I really appreciate any help.

ME
______________________________________________
[hidden email] mailing list
https://stat.ethz.ch/mailman/listinfo/r-help
PLEASE do read the posting guide http://www.R-project.org/posting-guide.html
and provide commented, minimal, self-contained, reproducible code.
Reply | Threaded
Open this post in threaded view
|  
Report Content as Inappropriate

Re: tapply help

jholtman
It this what you are looking for:

> set.seed(1)
> # create range for each possible class
> # 'name' the values so you can use them in the 'sapply' function
> lows<-c(a=1, b=2, c=3, d=4, e=5)
> highs<-c(a=5, b=6, c=7, d=8, e=9)
>
> # data values
> vals<-sample(1:10,100,replace=T)
>
> #classes
> classes<-sample(letters[1:5],100,replace=T)
>
> # split the data so that you retain the 'classes' name
> x.split <- split(vals, classes)
> percentage <- sapply(names(x.split), function(.class){
+     # compute the percentage based on 'class'
+     sum((x.split[[.class]] >= lows[.class]) &
+         (x.split[[.class]] <= highs[.class])) /
length(x.split[[.class]]) * 100
+ })
> percentage
       a        b        c        d        e
50.00000 45.00000 62.50000 54.54545 55.55556
>


On Fri, Jun 4, 2010 at 4:02 PM, Mark Ebbert <[hidden email]> wrote:

> Dear R gurus,
>
> I am trying perform what I believe will be a pretty simple task, but I'm struggling to figure out how to do it. I have two vectors of the same length, the first is numeric and the second is factor. I understand that tapply is perfect for applying a function to the numeric vector by subsets of the factors in the second vector. My issue is trying to make use of two other vectors within the custom function I've written for tapply. The two other vectors are a high and low value for each subset I am breaking my data into, and I want to calculate the percentage of data points that fall into each respective range. I will attempt to provide a coherent example:
>
> # create range for each possible class
> lows<-c(1,2,3,4,5)
> highs<-c(5,6,7,8,9)
>
> # data values
> vals<-sample(1:10,100,replace=T)
>
> #classes
> classes<-sample(letters[1:5],100,replace=T)
>
> # Try to calculate percentage of values that fall
> # into the respective range for the given class.
> percentages<-tapply(vals,classes,
>        function(i){
>                length(i[i>=lows[index] & i<=highs[index]])/length(i)  # I don't know how to actually keep an index count in tapply, but I'm guessing there's a better way.
>        })
>
> I really appreciate any help.
>
> ME
> ______________________________________________
> [hidden email] mailing list
> https://stat.ethz.ch/mailman/listinfo/r-help
> PLEASE do read the posting guide http://www.R-project.org/posting-guide.html
> and provide commented, minimal, self-contained, reproducible code.
>



--
Jim Holtman
Cincinnati, OH
+1 513 646 9390

What is the problem that you are trying to solve?

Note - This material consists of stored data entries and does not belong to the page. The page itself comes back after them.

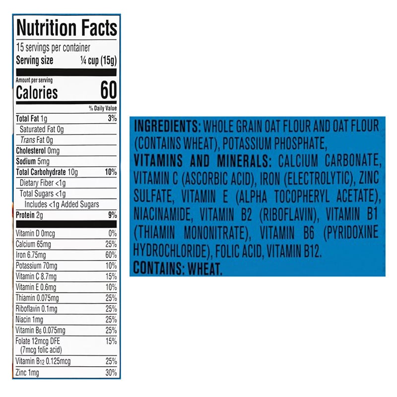 - This single grain oatmeal cereal features Vitamins C, E, Zinc & 6 B vitamins for healthy development, plus calcium for healthy bones & teeth.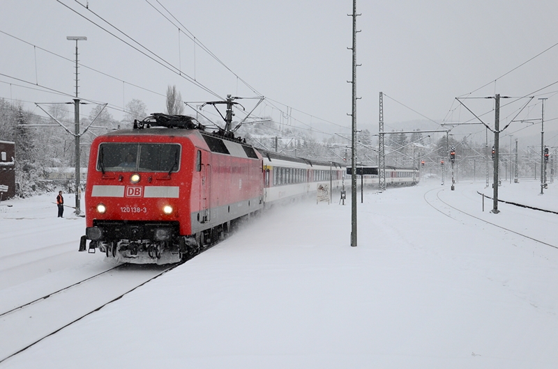 Mit etwa ¼ Stunde Verspätung fährt 120 138 mit dem IC 284 (Zürich-Stuttgart) in den Rottweiler Bahnhof ein.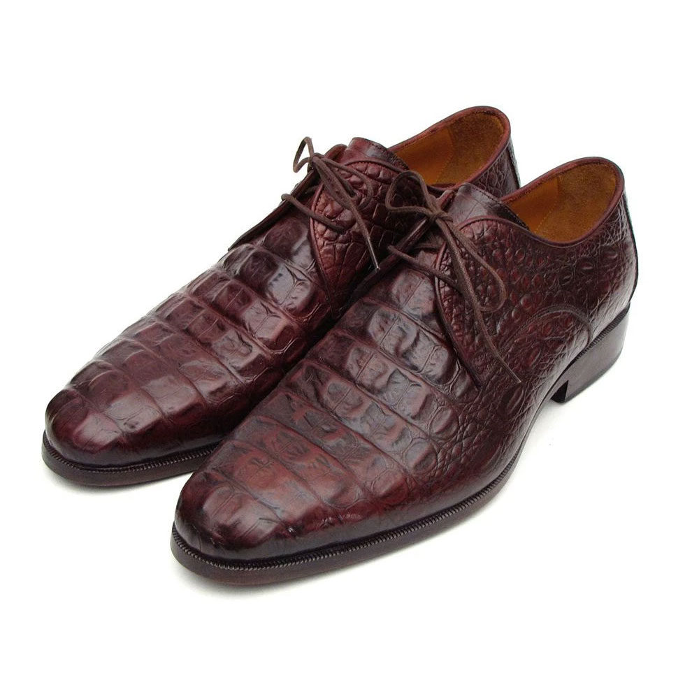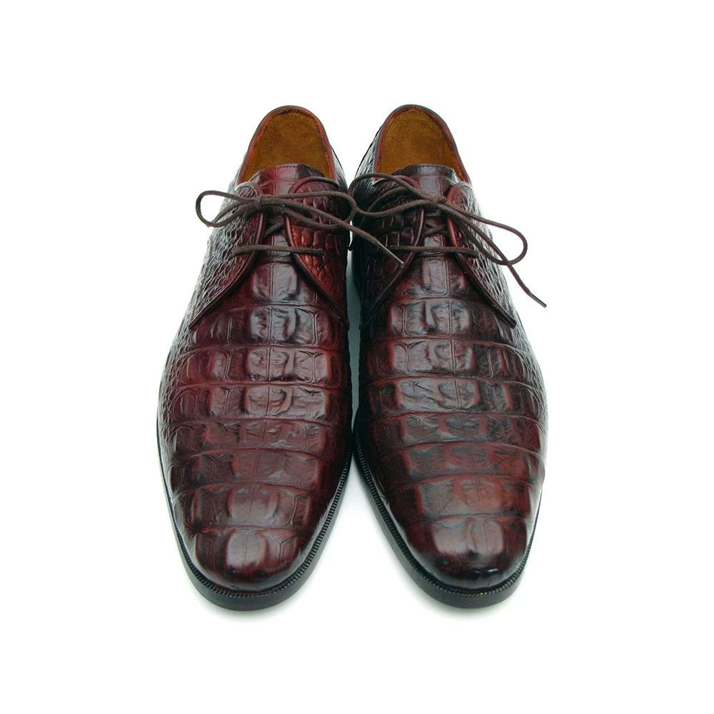 Paul Parkman Men’s Brown & Bordeaux Crocodile Embossed Calfskin Derby Shoes (ID#1438BRD)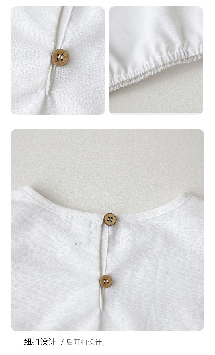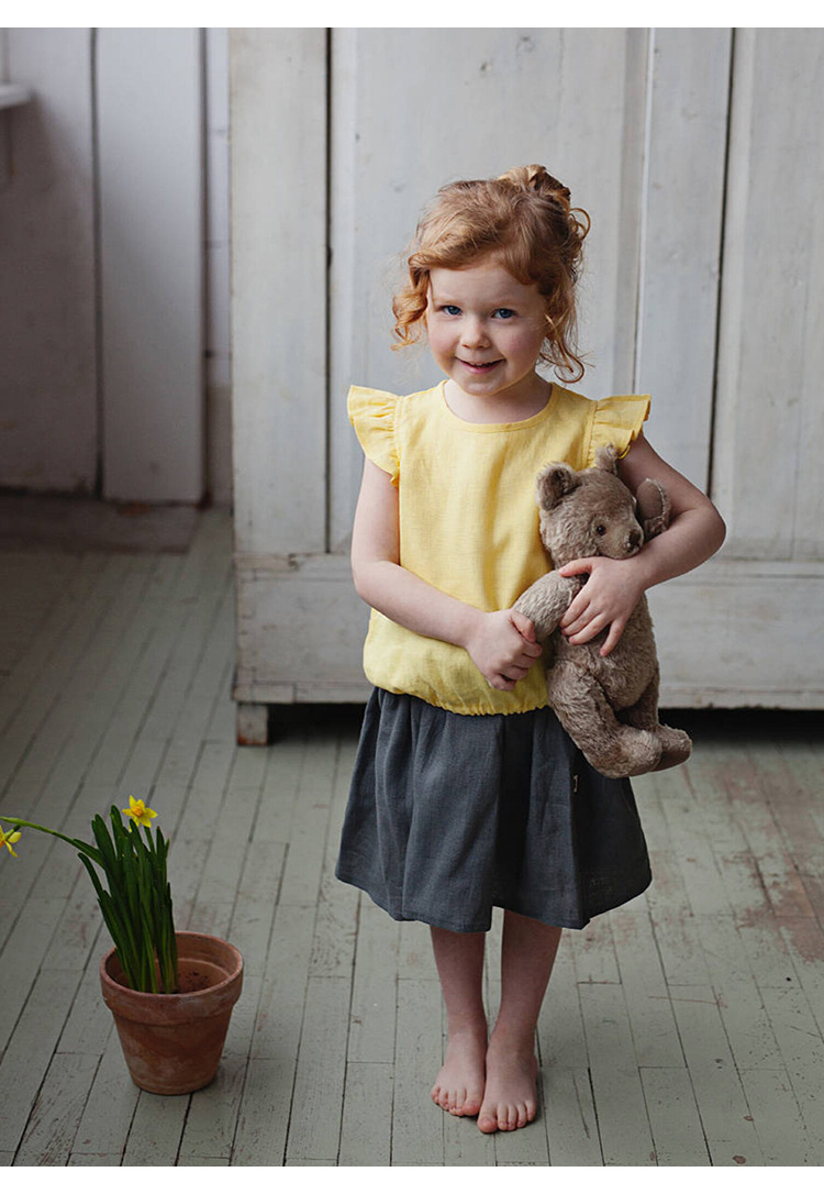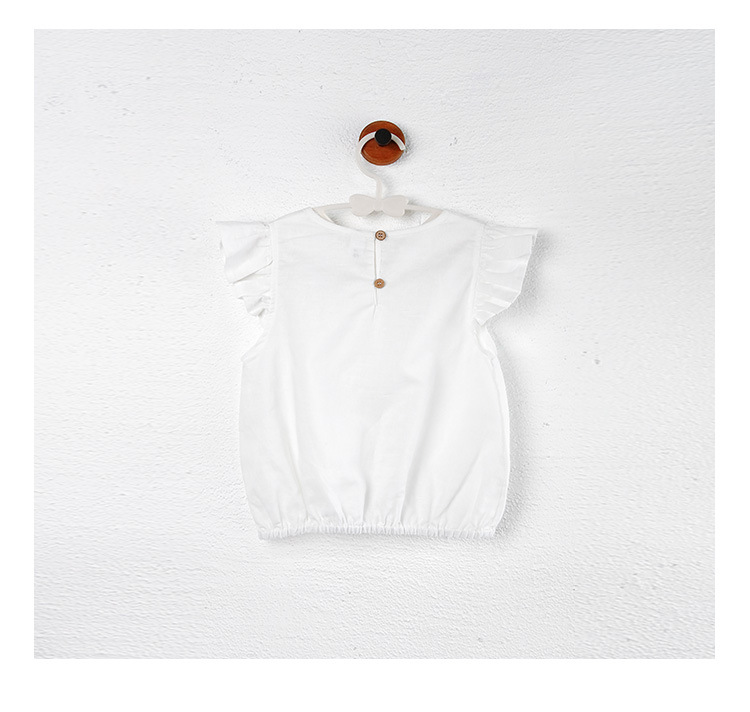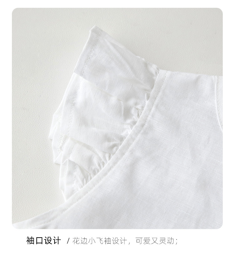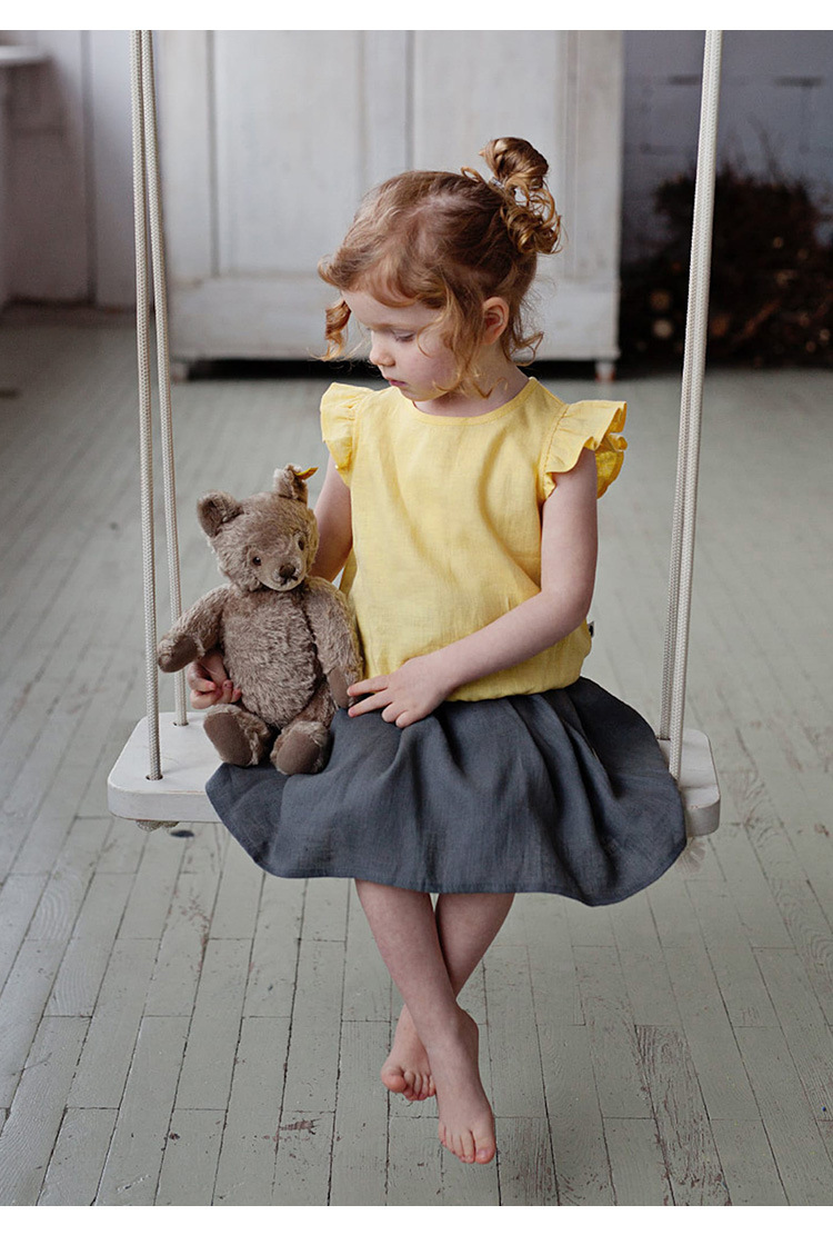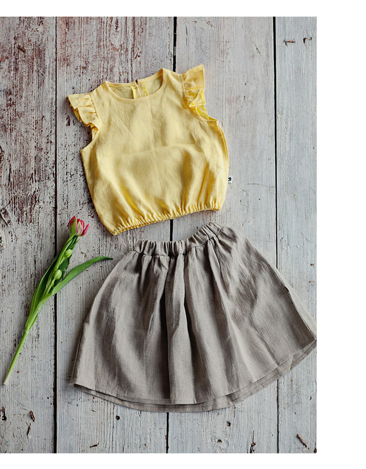 여아 의류 노란색 면 및 린넨 셔츠 여름 반팔 티셔츠 작은 플라잉 슬리브 귀여운 인형 셔츠 유행 린넨 여아상의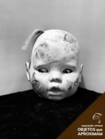 Esse objeto é a cabeça de um boneco de plástico flexível. Eu estava dirigindo numa via movimentada da cidade de recife e um veículo "atropelou" essa cabeça, que rolou pulando ao longo do asfalto. De imediato, lembrei-me da infância quando brincávamos, mas não tínhamos dinheiro para comprar esse tipo de brinquedo. Então, estacionei o carro no acostamento e saí correndo atrás da cabeça que rolava no asfalto. Porém, consegui alcançá-la e a trouxe para casa, sem limpar, pois eu queria as marcas do momento em que nos encontramos.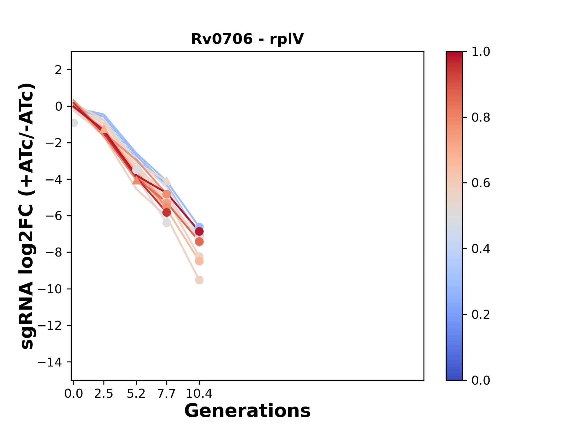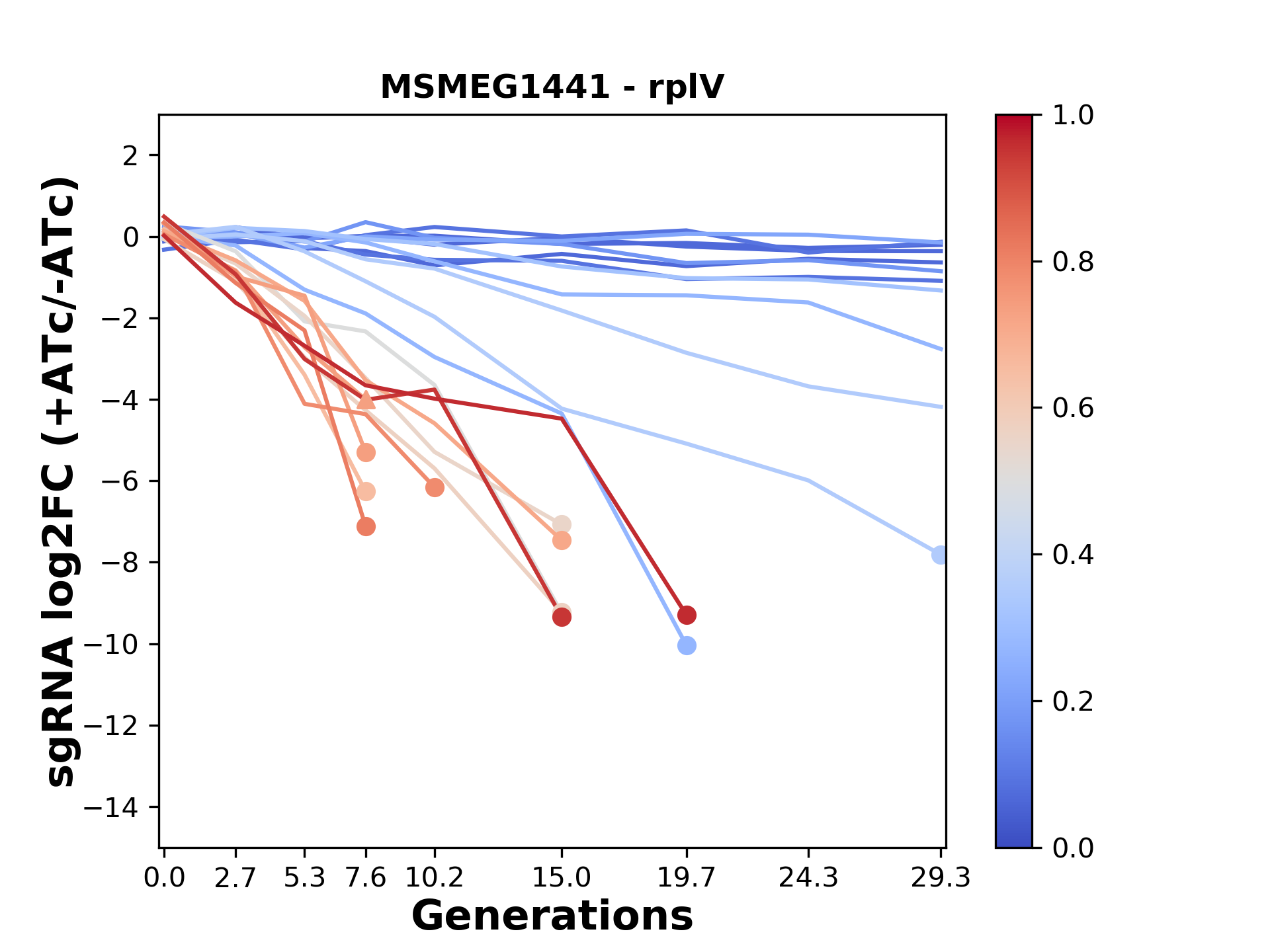 Here, we show sgRNA log2 fold-change values (L2FC) (plus versus minus ATc) over consecutive generations for sgRNAs targeting the gene you selected.

______________________________________________
[hidden email] mailing list
https://stat.ethz.ch/mailman/listinfo/r-help
PLEASE do read the posting guide http://www.R-project.org/posting-guide.html
and provide commented, minimal, self-contained, reproducible code.
Reply | Threaded
Open this post in threaded view
|  
Report Content as Inappropriate

Re: tapply help

Mark Ebbert
That was very clever. Worked perfectly, thanks!

And thanks to everyone else who provided feedback.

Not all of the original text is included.